(Task objective)
Find the line with "Tlejúca vonná tyčinka" in the data below. Repeat it and every line after it up to the end, exactly, but drop the pictures.

(Source data)
********************

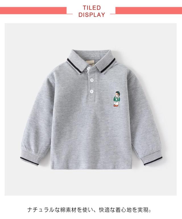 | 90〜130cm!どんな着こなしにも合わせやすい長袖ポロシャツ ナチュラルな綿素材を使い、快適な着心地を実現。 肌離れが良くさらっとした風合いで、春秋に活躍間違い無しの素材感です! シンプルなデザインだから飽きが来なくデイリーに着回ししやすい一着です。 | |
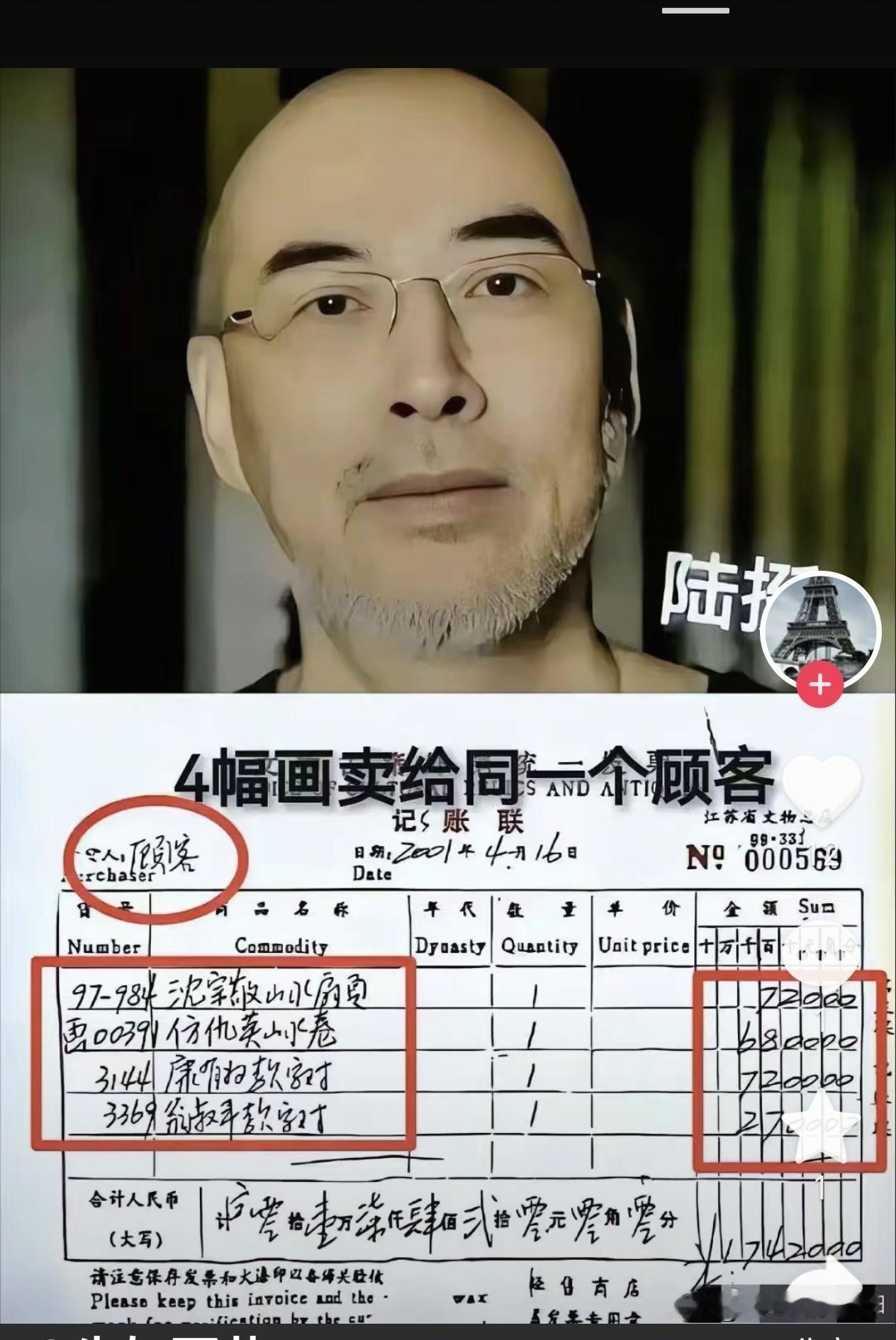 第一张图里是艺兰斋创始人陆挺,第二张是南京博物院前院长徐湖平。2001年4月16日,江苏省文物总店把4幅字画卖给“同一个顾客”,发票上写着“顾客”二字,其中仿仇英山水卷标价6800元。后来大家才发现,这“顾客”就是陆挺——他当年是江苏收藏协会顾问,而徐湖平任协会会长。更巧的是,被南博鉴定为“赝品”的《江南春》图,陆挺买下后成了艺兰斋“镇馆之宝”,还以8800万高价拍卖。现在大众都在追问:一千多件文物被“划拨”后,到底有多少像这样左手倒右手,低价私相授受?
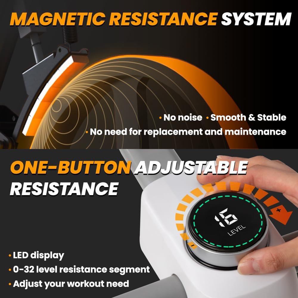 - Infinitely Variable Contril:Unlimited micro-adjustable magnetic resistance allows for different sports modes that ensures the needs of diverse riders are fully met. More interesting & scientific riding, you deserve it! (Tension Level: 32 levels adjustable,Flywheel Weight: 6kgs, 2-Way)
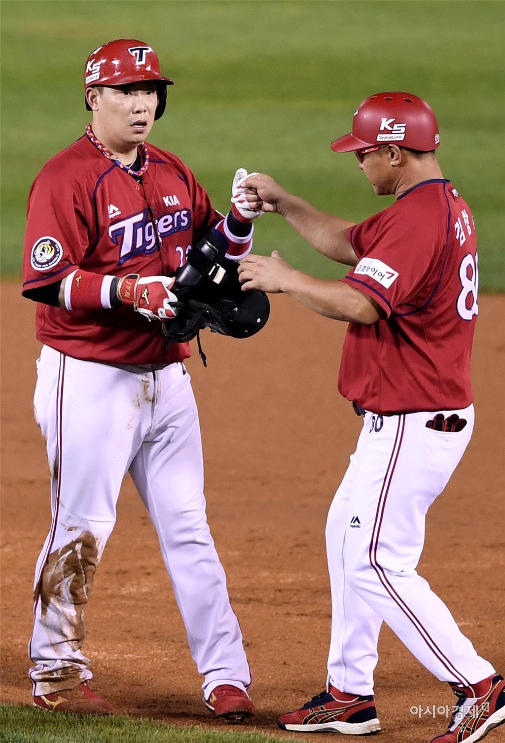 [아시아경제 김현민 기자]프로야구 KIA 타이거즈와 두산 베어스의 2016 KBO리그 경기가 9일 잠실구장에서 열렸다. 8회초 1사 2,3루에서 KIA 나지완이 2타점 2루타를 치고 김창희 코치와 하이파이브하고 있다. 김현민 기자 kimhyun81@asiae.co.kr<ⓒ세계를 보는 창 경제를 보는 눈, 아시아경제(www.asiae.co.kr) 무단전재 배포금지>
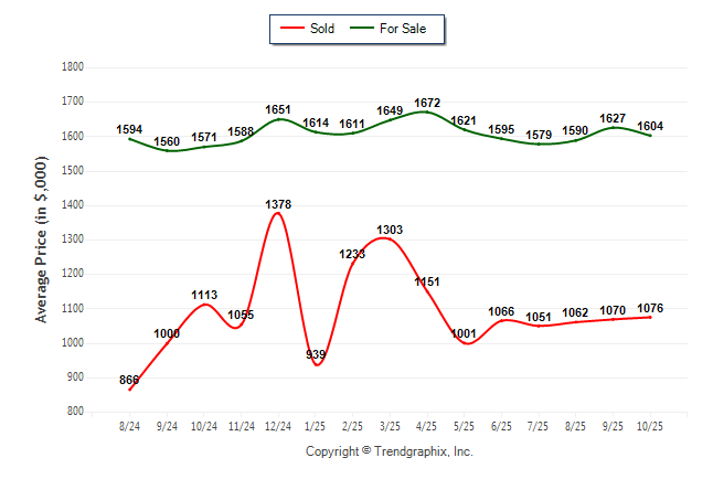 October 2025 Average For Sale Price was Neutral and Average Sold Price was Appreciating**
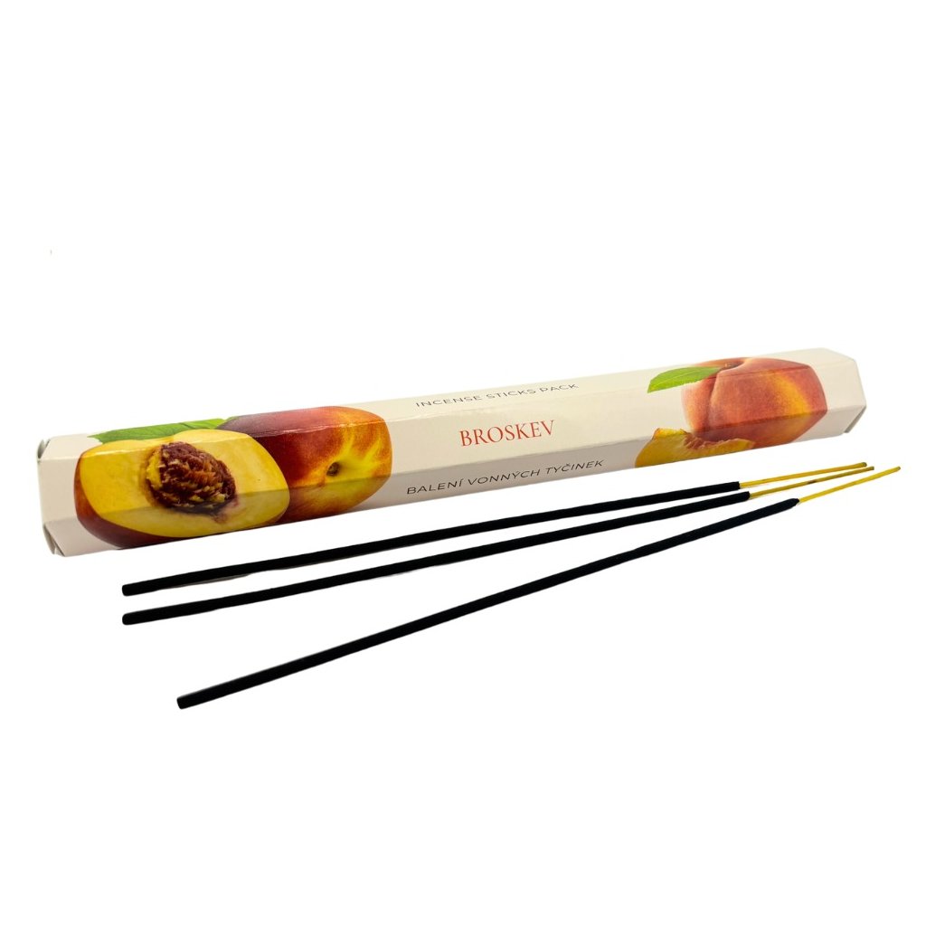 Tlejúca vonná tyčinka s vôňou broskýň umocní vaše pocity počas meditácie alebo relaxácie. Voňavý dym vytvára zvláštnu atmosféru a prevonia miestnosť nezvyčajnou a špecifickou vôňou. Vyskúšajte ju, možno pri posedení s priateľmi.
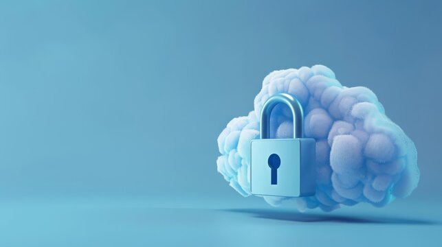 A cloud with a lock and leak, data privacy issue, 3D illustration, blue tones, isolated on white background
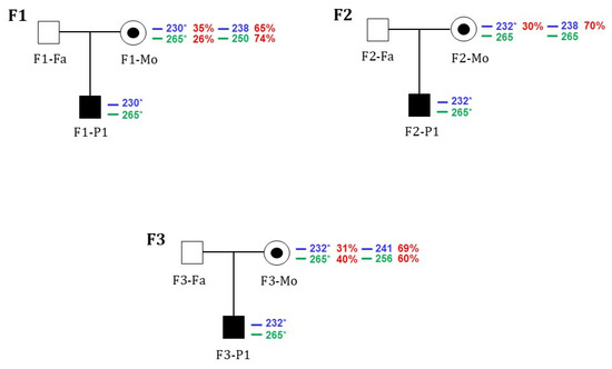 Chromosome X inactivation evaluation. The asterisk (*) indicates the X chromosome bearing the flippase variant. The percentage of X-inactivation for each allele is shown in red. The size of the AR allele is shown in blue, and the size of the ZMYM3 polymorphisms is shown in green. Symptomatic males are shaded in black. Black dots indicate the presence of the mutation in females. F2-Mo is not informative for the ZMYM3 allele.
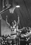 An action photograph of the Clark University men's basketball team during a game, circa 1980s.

********************

(Answer below)
 Tlejúca vonná tyčinka s vôňou broskýň umocní vaše pocity počas meditácie alebo relaxácie. Voňavý dym vytvára zvláštnu atmosféru a prevonia miestnosť nezvyčajnou a špecifickou vôňou. Vyskúšajte ju, možno pri posedení s priateľmi.
 A cloud with a lock and leak, data privacy issue, 3D illustration, blue tones, isolated on white background
 Chromosome X inactivation evaluation. The asterisk (*) indicates the X chromosome bearing the flippase variant. The percentage of X-inactivation for each allele is shown in red. The size of the AR allele is shown in blue, and the size of the ZMYM3 polymorphisms is shown in green. Symptomatic males are shaded in black. Black dots indicate the presence of the mutation in females. F2-Mo is not informative for the ZMYM3 allele.
 An action photograph of the Clark University men's basketball team during a game, circa 1980s.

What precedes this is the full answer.